Moral or immoral policing?
Mumbai police commissioner Dr Satyapal Singh, speaking to NDTV, pointed out that in 2011 and 2012, only 5 per cent of rape cases registered in the city were by persons unknown to the victim, while 95 per cent rapes were committed by relatives or friends. These included cases of fathers raping their own daughters. “Can any police force in the world stop such crimes?” Dr Singh asked.
The problem, he said, is one of “mental sickness”, of which the rapes were a physical manifestation. Dr Singh went on to say that the “mental sickness” was growing in society and asked whether doctors should be blamed for increase in the number of diabetes cases.

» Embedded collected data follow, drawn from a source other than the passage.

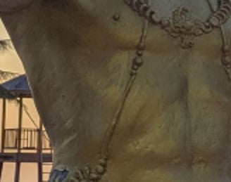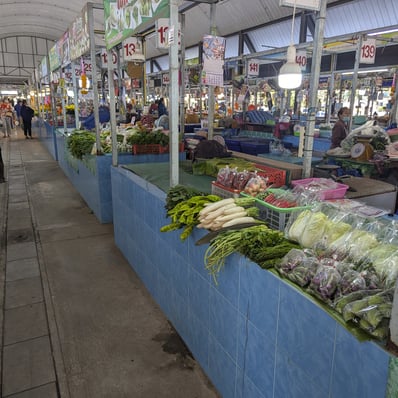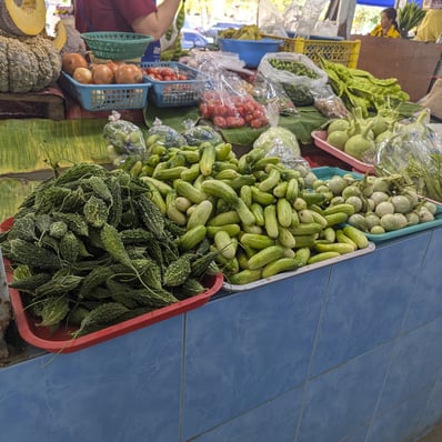 Am Montag wollten wir die 5km bis zum Inneren von Taphong laufen, um den dortigen Fruchtmarkt zu erleben. Besonders die ersten 1-2 km konnten wir am Strand laufen und auch ein paar Tierchen erleben. Unten seht ihr etwa die winzigen Buh Lomm (Windkrabben), welche blitzschnell in ihren kleinen Höhlen verschwunden sind, wenn sie die Erschütterungen unserer Schritte spürten. Später, an der Straße entlang, hielt ein Wagen neben uns und lud uns auf die Fahrt nach Taphong ein. An einem Wochentag tagsüber waren hauptsächlich die Stände mit den Früchten geöffnet. Der nun eher beschauliche Bauernmarkt bot dabei aber gut reife und frischeste Früchte, wobei hier besondere Schnäppchen möglich sind, da auch einzelne Obststücke von den Bäumen des Vorgartens für symbolische Werte verkauft werden (etwa ganze Papayas für 10 Baht). Wir haben uns gerade an Früchten übergessen und auch einige mitgenommen. Besonders die Jackfrucht und der Klebereis mit Mango blieben dabei im Gedächtnis. Für den Rückweg hielt ein Pick Up Fahrer neben uns und wir machten einen für ihn passenden Preis für die 10-minütige Fahrt aus (300 Baht). Ein Tipp aus unserer Erfahrung: Wenn euch ein Fahrer besonders zusagt, bzw. Transporte schwierig sind, dann könnt ihr auch Nummern austauschen und diese Fahrer für andere Tage ordern. Bei einem üblichen Tagesgehalt von 800-1000 Baht (das monatliche Durchschnittsgehalt lag 2024 bei 474$ bzw. 24$ pro Tag) sind etwa zwei Fahrten á 300 Baht schon sehr ordentlich. Wenn ihr als Farang 2000-3000 Baht je nach Fahrzeug anbietet, kann ein Fahrer auch für den ganzen Tag gemietet werden. Besonders zum Sightseeing fernab der ausgetretenen Pfade bietet diese Transportart eine gute Alternative zur eigenen Fahrzeugmiete. Allerdings würde ich diesen entweder per Reiseagentur oder nach vorheriger Erfahrung der Fahrweise buchen.
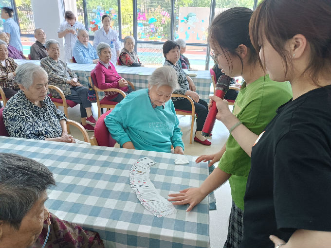 活动伊始,由养老院志愿者服务活动总负责人卢坤同学组织人员前往活动地点,分配各志愿者的工作。抵达颐乐居护理院后,志愿者们在工作人员的帮助下,有序带领老人们进入活动会场,并为其安排入座。志愿者还为爷爷奶奶们准备了精彩的节目。
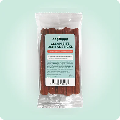 De Clean Bite premium sticks van DogSuppy zijn ontworpen met ribbels die schuren tijdens het kauwen, speciaal op de taaie plekken. Dit verlengt de kauwtijd, wat zorgt voor meer speeksel. Speeksel doodt bacteriΓ«n in de mond van je hond en geeft een frisse adem. Om sterke tanden te bevorderen, voegen we ook calcium toe aan onze dental sticks. Eucalyptus- en pepermuntolie dragen bij aan een frisse adem en maken onze dental sticks extra lekker voor je hond.
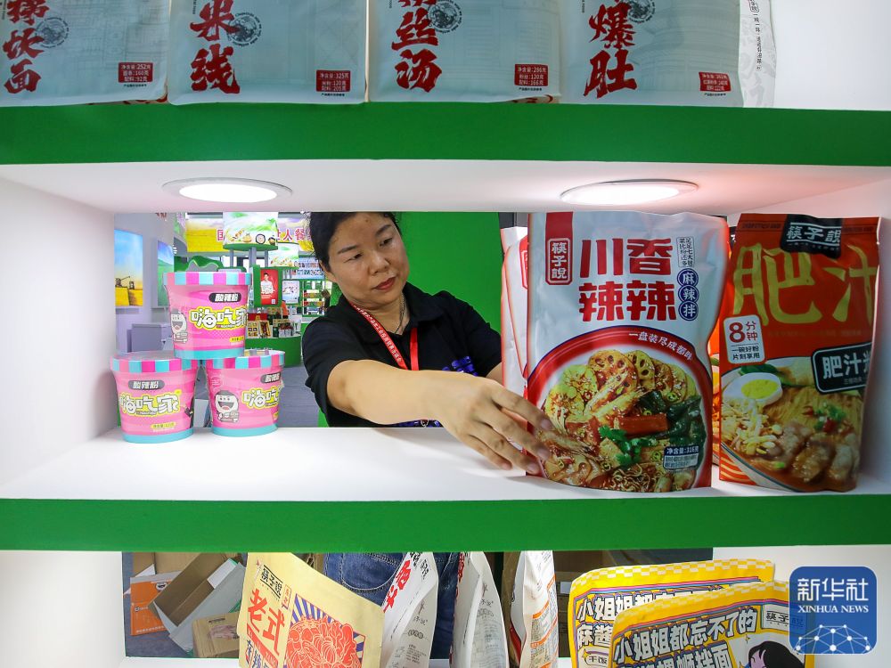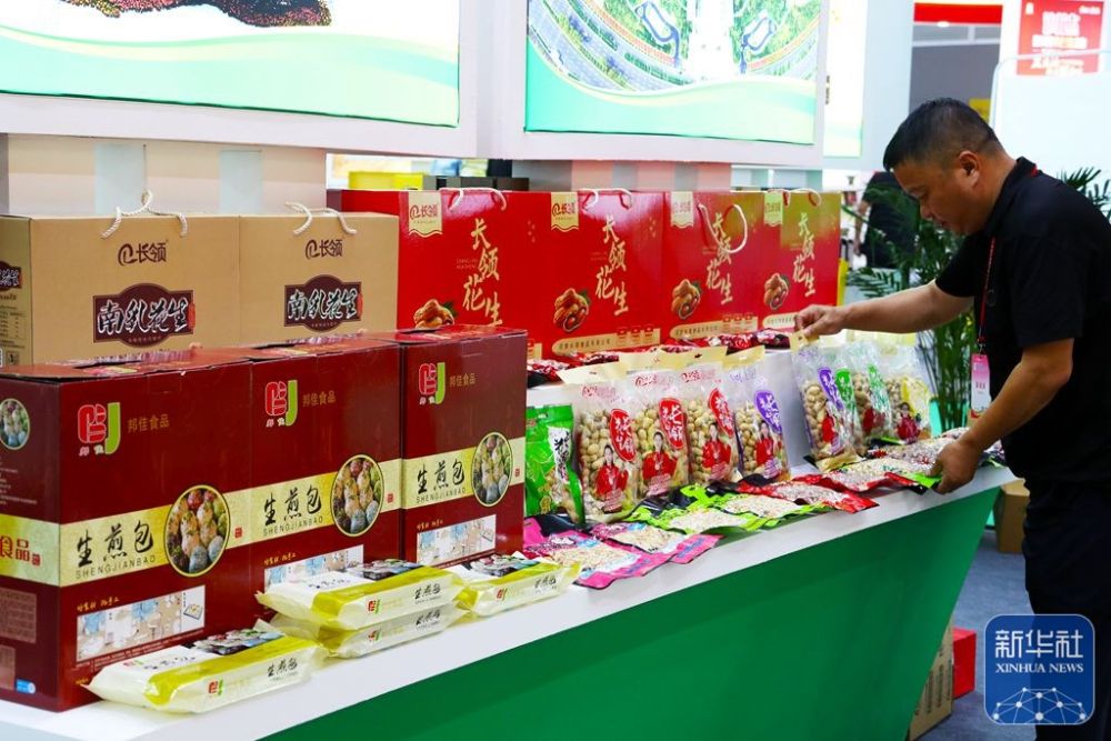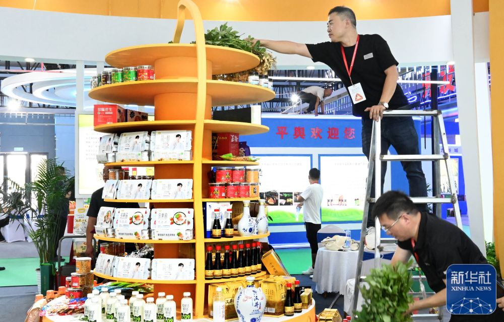 9月5日,工作人员在河南省农产品加工产品展区整理货品。麻翛然 摄

While pointing to several measures that the force has taken for women’s security following the Delhi gangrape of last December, Dr Singh said that the size of the police force in Mumbai is too small for a city with Mumbai’s population.
Mumbai has less than 49,000 police personnel for its 1.8 crore people.
Asked about “moral policing”, commissioner Singh said rhetorically, “Should the police do moral policing or immoral policing?” On the one hand, people want to “encourage this kind of culture”, he said, replying to a question about dancing in pubs and kissing in parks, “while on the other hand you want to stop sexual assaults”. He said that “on the one hand you want a promiscuous culture, on the other hand you want safety for women”, and said that the society needed to work out a balance.
Dr Singh later said that there were “modern youth” in society who wanted freedom of all sorts, but did not want to be harassed by police.
A caller on the show asked whether legalising prostitution might help reduce sex crimes, to which the commissioner said, “Today, you want to legalise prostitution, tomorrow you will want to legalise rape…we have to stop somewhere.”
Dr Singh admitted to political interference at the local level, but said that it was up to senior officers to ensure that the force remained accountable not to politicians but to the law. He lamented the falling conviction rates and said this was leading to a reduction in fear of police. “Everybody wants to scrutinise the police,” he said, blaming politicians and human rights organisations for interference.
Policing by itself would not solve problems of rising crime, he said, and it would need value education.
The commissioner later told The Asian Age that he had received requests from senior citizens to take up moral policing. Dr Singh also mentioned a specific case when during a recent visit to LT Marg police station for a Grievance Redressal programme, an 83-year-old man asked him to take action against young couples who frequent a nearby park and indulge in acts the man found to be “obscene”.